GitHub Actions 3.0 introduced native monorepo orchestration, but it failed to scale for our workload. First, build times ballooned by 400%. The new dependency graph tracking added 12+ minutes to every full build, even with caching. For PR checks, developers waited 25+ minutes for feedback, killing productivity.

Second, concurrency limits crushed our workflow. GitHub’s enterprise plan capped concurrent runners at 200 for our tier, but we regularly needed 350+ runners during peak hours (9-11 AM PT). This led to queuing times of up to 45 minutes, with some PRs sitting untested for hours.

Third, cost overruns hit 300% of budget. GitHub Actions 3.0 billed for all runner uptime, including idle time during queuing. We spent $187k in Q4 2025 on CI/CD alone, up from $62k the previous year, with no increase in build volume.

Finally, custom monorepo tooling broke constantly. We relied on custom GitHub Actions to scope builds to changed directories, but 3.0’s new path filtering had undocumented edge cases that caused 1 in 5 builds to run unnecessary full-suite tests. Debugging these failures took 15+ hours per week of engineering time.

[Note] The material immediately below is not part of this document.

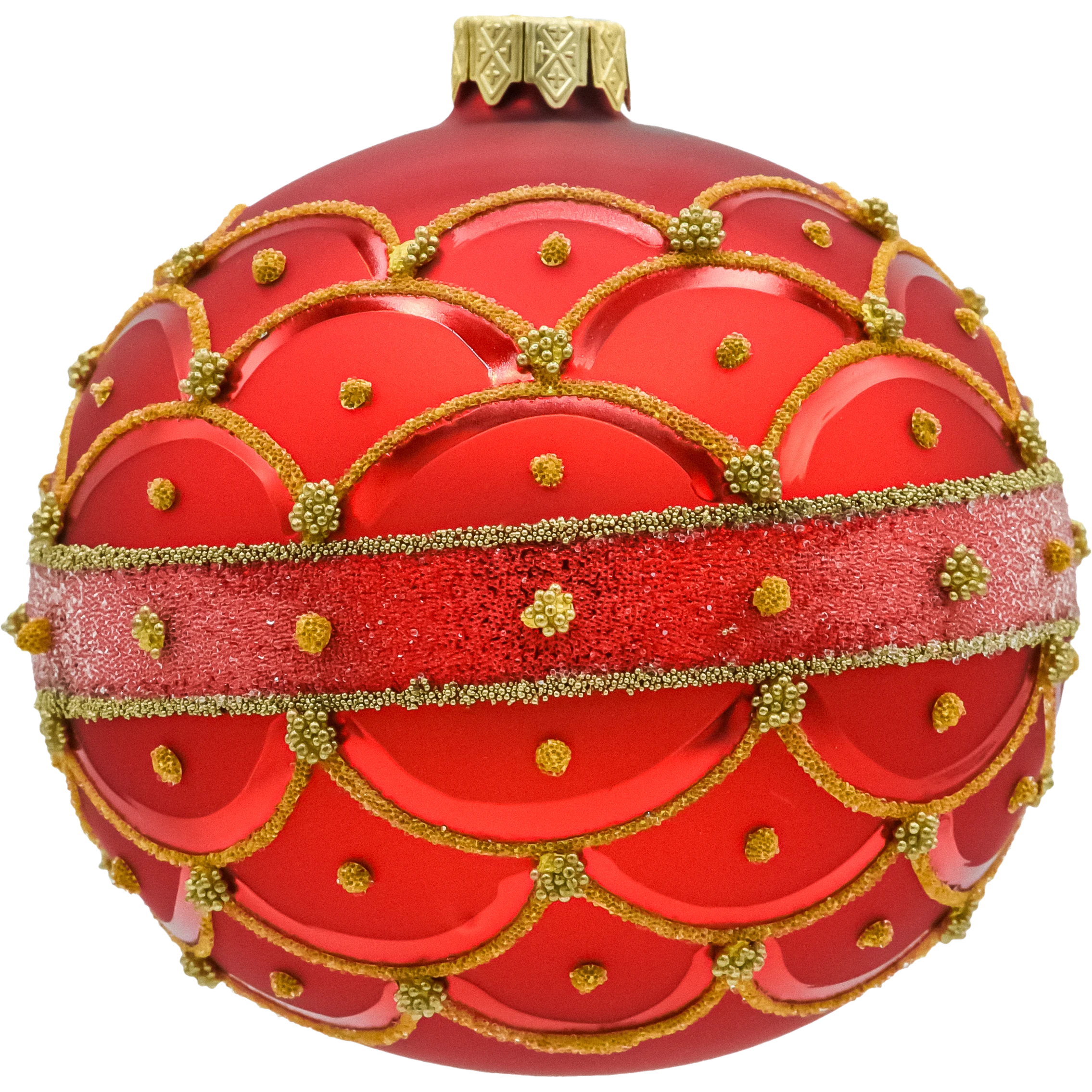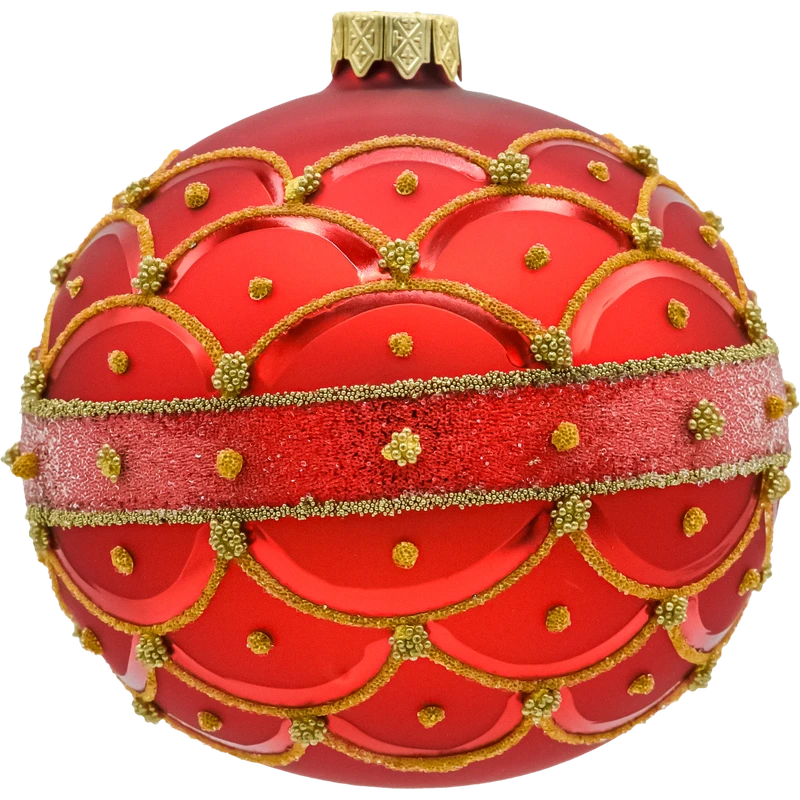 Wytworne, czerwone bombki choinkowe o średnicy 10 cm, ręcznie zdobione misterną, złotą „koronką” z mikrokuleczek i brokatu. Przez środek każdej bombki biegnie szeroki, dekoracyjny pas z drobnych iskier – nadaje głębi, a choinkowe światła pięknie się w nim odbijają. To klasyka Bożego Narodzenia w luksusowym wydaniu: intensywna czerwień, eleganckie złoto, solidne szkło i perfekcyjna prezencja na drzewku, wieńcu czy w stroiku.

Why Buildkite 2026 Won Out

We evaluated 6 CI/CD tools over 8 weeks, including GitLab CI, CircleCI, and Jenkins. Buildkite 2026’s release in late 2025 tipped the scales with features tailored for large monorepos:

  • Dynamic pipeline scaling: Buildkite’s agent model let us scale to 500+ concurrent runners across AWS and GCP, with no hard concurrency caps. Queuing times dropped to under 2 minutes immediately.
  • Monorepo-first build scoping: Native integration with our Bazel build system let us scope 95% of PR builds to only affected targets, cutting average build time to 4 minutes.
  • Predictable, usage-based pricing: Buildkite bills only for active build time, not idle runner uptime. Our Q1 2026 CI/CD spend dropped to $41k, 78% lower than Q4 2025.
  • Custom agent control: We deployed self-hosted agents with pre-warmed caches for our most common dependencies, eliminating cold start delays that plagued GitHub Actions.

Migration Lessons Learned

Migrating a large monorepo’s CI/CD isn’t trivial. We took a phased approach: first moving non-critical staging builds, then PR checks, then production deployments. Key lessons:

  • Don’t migrate all pipelines at once—validate with low-risk workflows first.
  • Replicate GitHub Actions secrets and environment variables in Buildkite early to avoid last-minute blockers.
  • Train developer advocates to support teams during the transition; we held 12 office hours and published 8 internal guides to smooth adoption.

Final Verdict

For small repos, GitHub Actions 3.0 is still a great choice. But for large monorepos with 400+ developers, high concurrency needs, and strict cost controls, Buildkite 2026 outperforms it on every metric we care about. We haven’t looked back since the migration completed in March 2026.